EXERCISE DETAILS:
Each line below from the line with "Tissu en 100%" to the line with "Je fais mariner" must be copied exactly, including those two, and no picture may appear in the copy.
DATA FOR ANALYSIS Start Marker
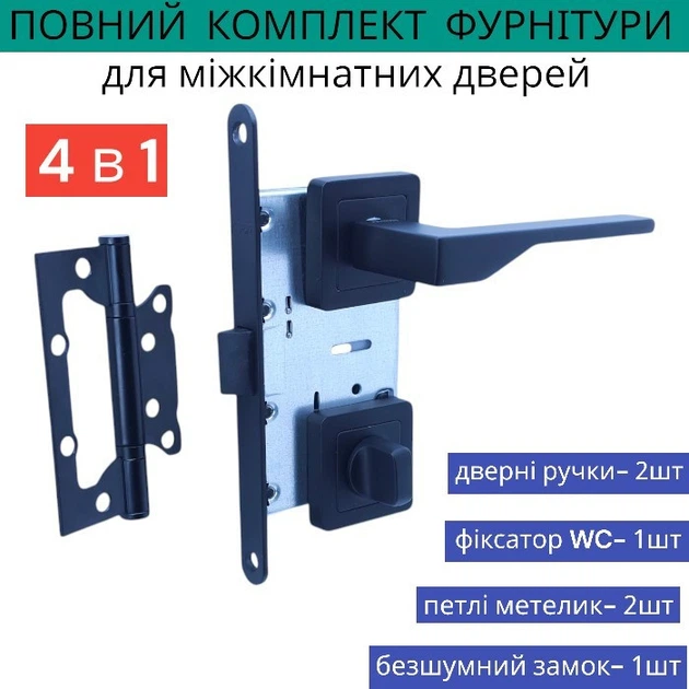 Комплект дверної ручки із замком засувкою петлями в чорному кольорі для міжкімнатних дверей TRION ZERO AL-74 MB
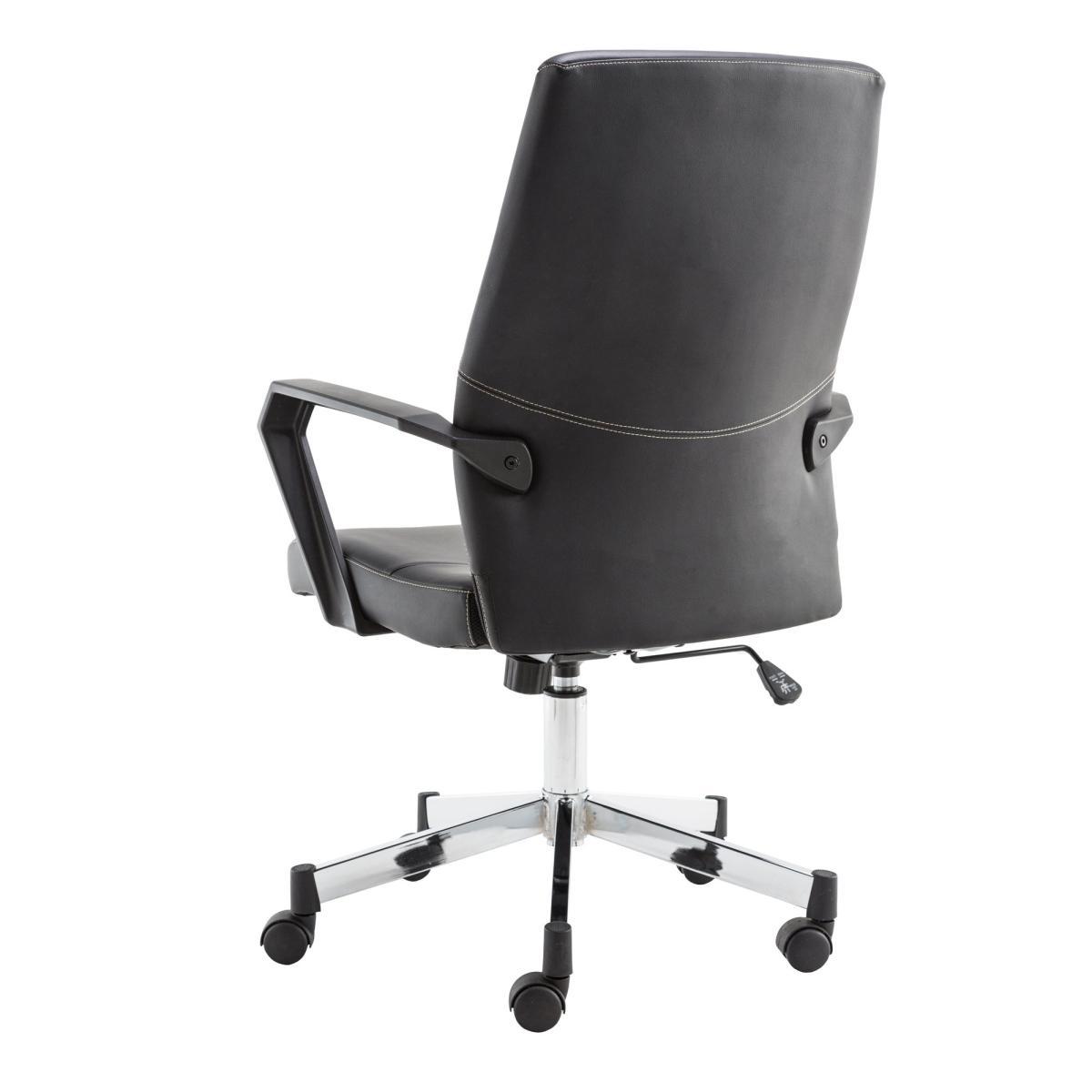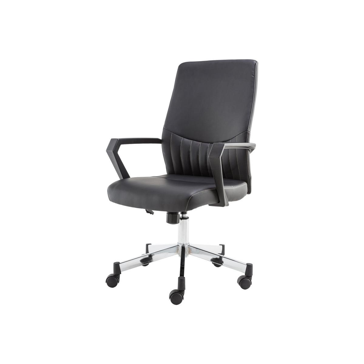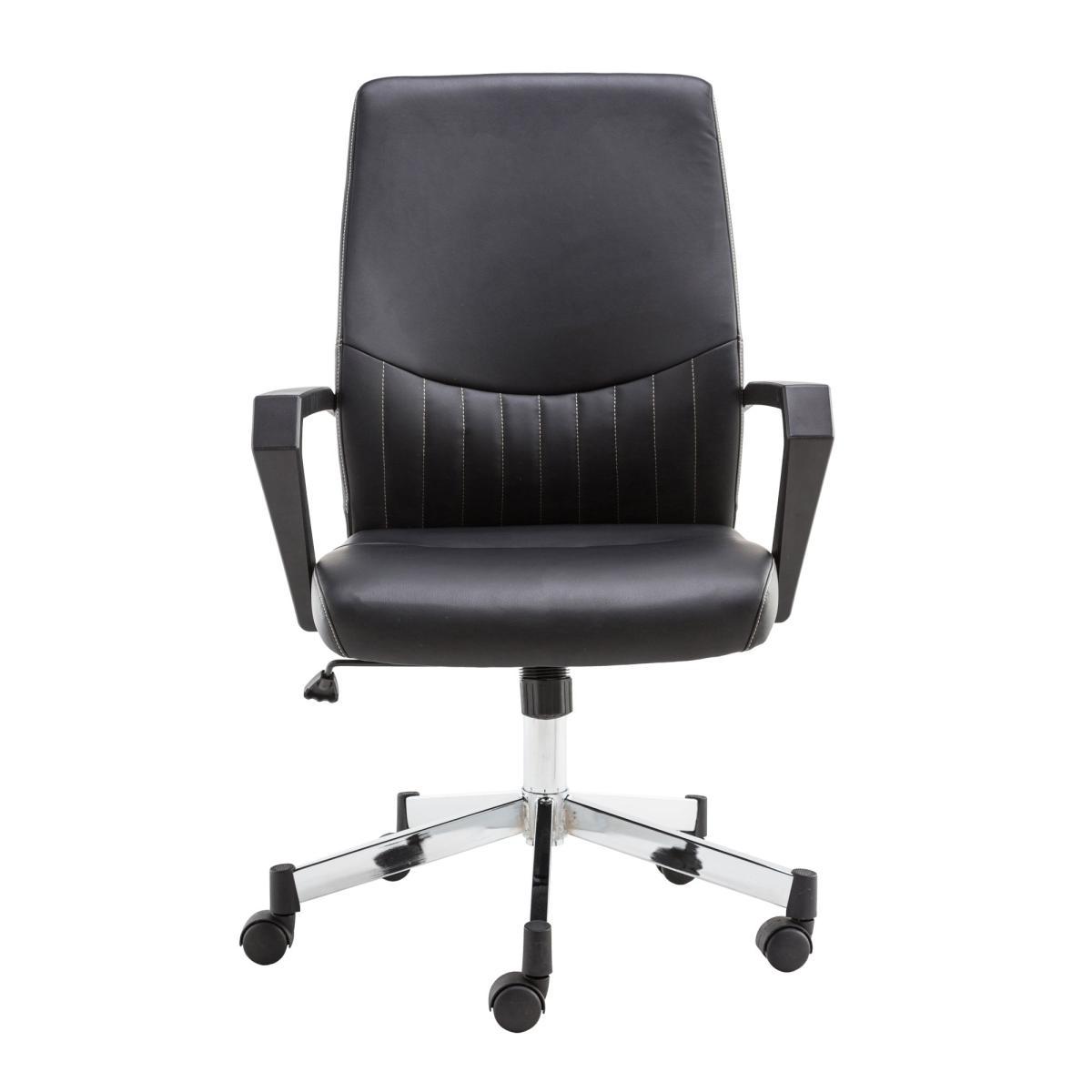 Designed with both style and comfort in mind, the Brooklyn office chair features a contemporary design boasting a mix of curved edges and striking angled legs and armrests. The ergonomically shaped backrest and foam padded seat are upholstered in a black faux leather with a gorgeous silver stitching detail, offering plenty of comfort and support. Finished off with a modern chrome base and a tilt mechanism with tension control, this self-assembly office chair would make a stunning addition to your home office. Please note, unfortunately we cannot deliver this item to Northern Ireland or the Channel Islands.
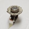Hübscher Ring Silber 925 mit einem Hauch von Teilvergoldung am Ringkopf. Mittig in der Blüte sitzen 7 Stck. keine klare Kristallsteinchen.
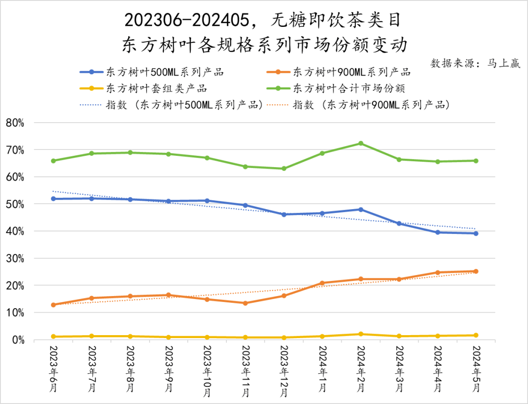可以看到,在东方树叶合计市场份额浮动不大的情况下,900ml系列产品的份额持续上涨,500ml份额的产品则持续下降,东方树叶正在通过大规格产品逐步替代常规规格产品,提升产品实际消费量(毫升)。
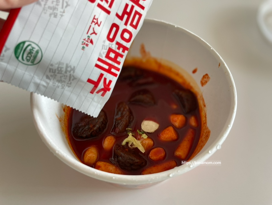 조리법 대로 하면 이렇게 토핑을 나중에 넣는데, 그럼 토핑이 좀 딱딱해서 평소에는 처음 종이컵에 떡, 떡볶이소스, 순대를 넣을 때 같이 넣고 전자레인지에 돌려서 먹습니다.
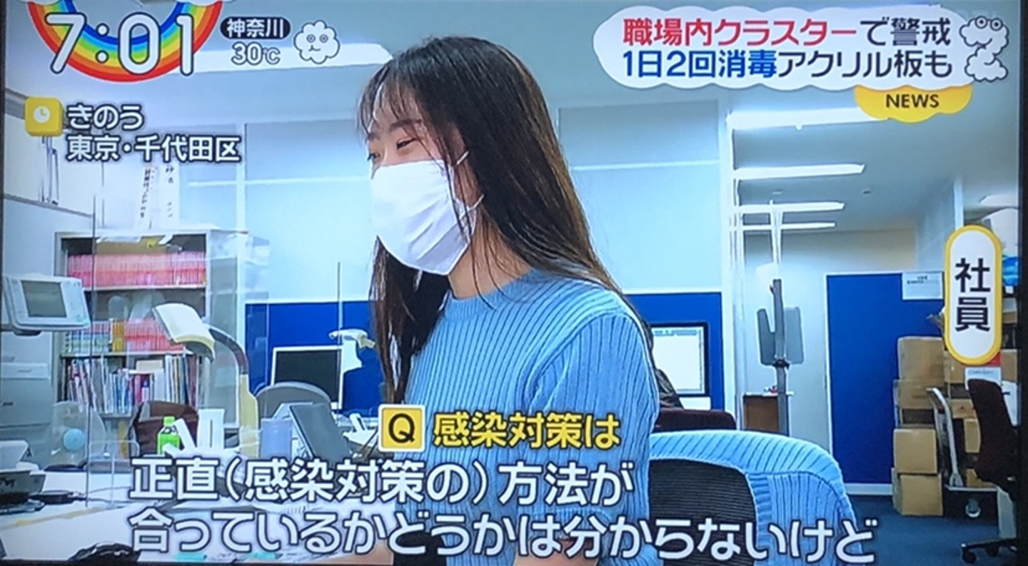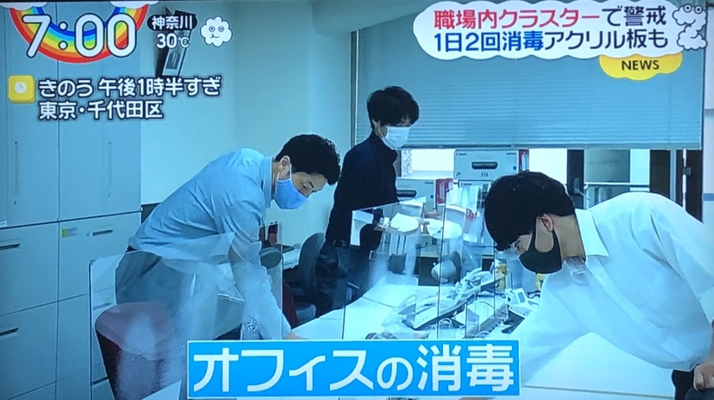 職場でどのようにして感染予防をするかということをとりあげたニュース内での紹介でした。
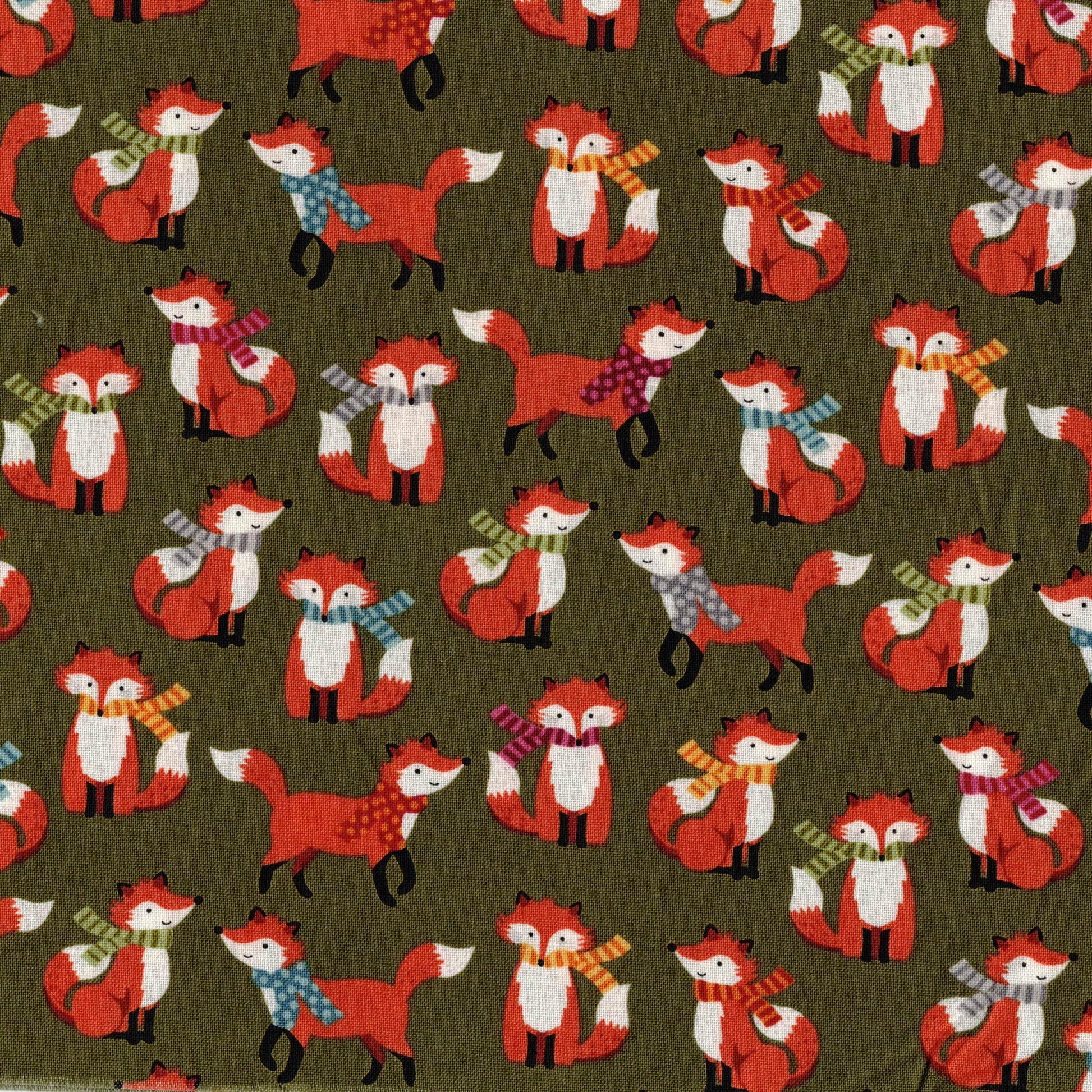 Tissu en 100% coton à imprimé renards sur fond vert kaki. Il est idéal pour la réalisation d'accessoires : sacs, trousses, taies d'oreiller, sacs à tarte, tabliers... comme pour la réalisation de vêtements : robe, chemisier, top,... C'est un coton tissé serré, il est donc un peu plus épais et plus résistant que la popeline de coton. Il peut convenir pour le cartonnage.
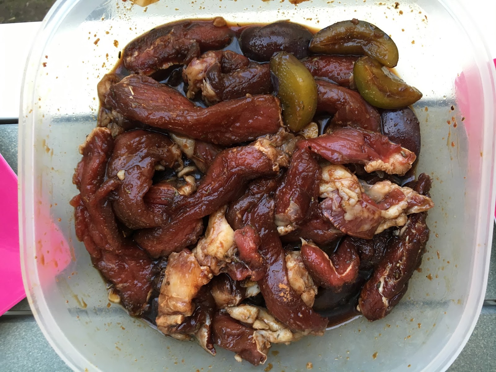 Je fais mariner de la viande de boeuf que j’ai coupé en lamelles dans du miel, du soja salé, du soja sucré, du thym, de l’ail ( beaucoup d’ail) , de la cannelle et je mets des prunes ( ou autres fruits de saison ) .
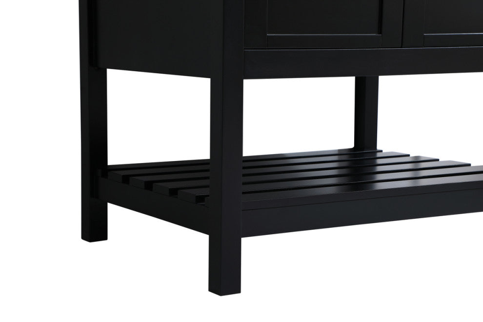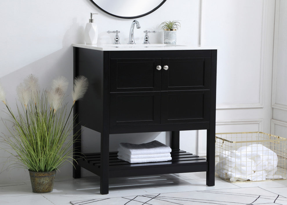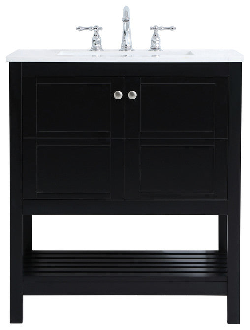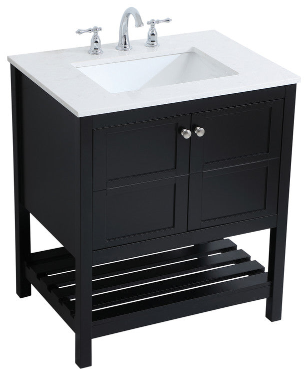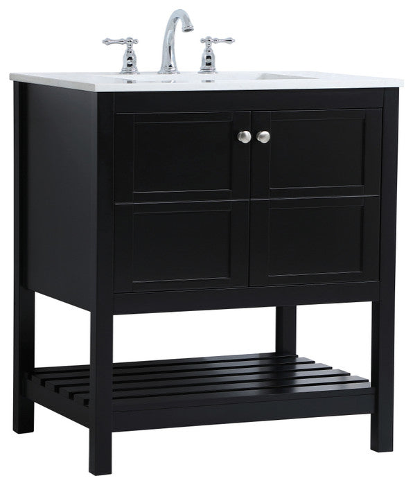 The subtle beauty of the Theo collection 30" vanity in a black finish exudes comfortable luxury. Its modern, yet traditional beauty will surely dress up your bathroom or powder room without any fuss. The white stone countertop and porcelain undermount sink shows quiet opulence, and the legs support upright without fail. Brushed Nickel hardware complements the trendy black finish, with pulls adorning the two cabinet doors, showcasing ample storage space within. Slated shelf allows for additional space to organize your towels. Whether this vanity is in your bathroom or for guests, its presence will surely elevate the aesthetics of your room. (FAUCET NOT INCLUDED)calacatta engineered marbleBrushed nickel hardwarecrafted with Solid wood and MDF (Rubberwood)Undermount porcelain sink is includedcomes with one bottom slated shelfconvenient access for plumbing installation with cut out back panelFree standing, no assembly required
DATA FOR ANALYSIS End Marker
RESPONSE:
 Tissu en 100% coton à imprimé renards sur fond vert kaki. Il est idéal pour la réalisation d'accessoires : sacs, trousses, taies d'oreiller, sacs à tarte, tabliers... comme pour la réalisation de vêtements : robe, chemisier, top,... C'est un coton tissé serré, il est donc un peu plus épais et plus résistant que la popeline de coton. Il peut convenir pour le cartonnage.
 Je fais mariner de la viande de boeuf que j’ai coupé en lamelles dans du miel, du soja salé, du soja sucré, du thym, de l’ail ( beaucoup d’ail) , de la cannelle et je mets des prunes ( ou autres fruits de saison ) .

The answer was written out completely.